クラウドファンディングで130万円もの支援を受けた信州のセーター(https://camp-fire.jp/projects/view/320731
村澤
信州新町産の羊毛100%セーターですか! 着てみたいです。
峯村さん
300頭の毛を刈ると、1トンほどになります。普段は畑の肥料にしていますが、うまく活用できないかと思いセーターを開発したんです。クラウドファンディングを行ったら、130万円以上も支援していただいて、セーターは80着をつくることができました。今後も製作・販売していく予定です。
村澤
生産者の顔や、どこで育った羊の毛か分かると愛着が湧きますね。食用だけじゃない、サフォーク種のこれからの展開が楽しみです!
村澤
最後に教えてください。峯村さんが365日休みなく働き、羊を育て続けているのはなぜですか? 正直、儲けだって多くないと思うのですが……
峯村さん
「信州新町といえば羊だ、サフォークだ」と地域のみんなが言うんです。実際、サフォークの肉を目当てに県外から訪れる人も多いですからね。地元愛、というと気恥ずかしいですが、やっぱり羊文化を残していきたくて。そんな思いで、毎日羊と向き合っています。
村澤
峯村さんは、本当にこの仕事を大切に思っているんですね。セーターといった新商品の開発や、美味しいサフォーク肉の魅力が広まって、羊農家がもっと稼げるようになったり、関心を持つ人が増えたりする未来にしたいですね。信州の幻の羊肉、これからも大事に味わっていきたいと思います!

おわりに

国内で流通する羊肉の99%以上はオーストラリア産などの輸入品。国産の羊肉は、それだけで貴重なものなのです。

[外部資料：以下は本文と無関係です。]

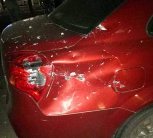 記者從現場視頻中可見,一家名為 " 誠信藥店 " 的店面玻璃門破損變形,里面的柜臺和房頂被炸得七零八落,地面一片狼藉。路上和門外兩輛轎車上散落著碎玻璃,車身因為撞擊發生凹凸變形,可見當時的沖擊力很大。

信州新町の町おこしとして始まった国産の羊飼育を、親子2代に渡って続けてきた峯村さん。地元の畑で取れたリンゴを餌にした飼育や、全国から注文があったセーターづくりなど、峯村さんの丁寧な仕事ぶりを体感する取材でした。

「サフォークは信州新町の伝統。サフォークに関わる人を増やしたい」。優しい眼差しの峯村さんが力強く語った言葉が一番印象に残りました。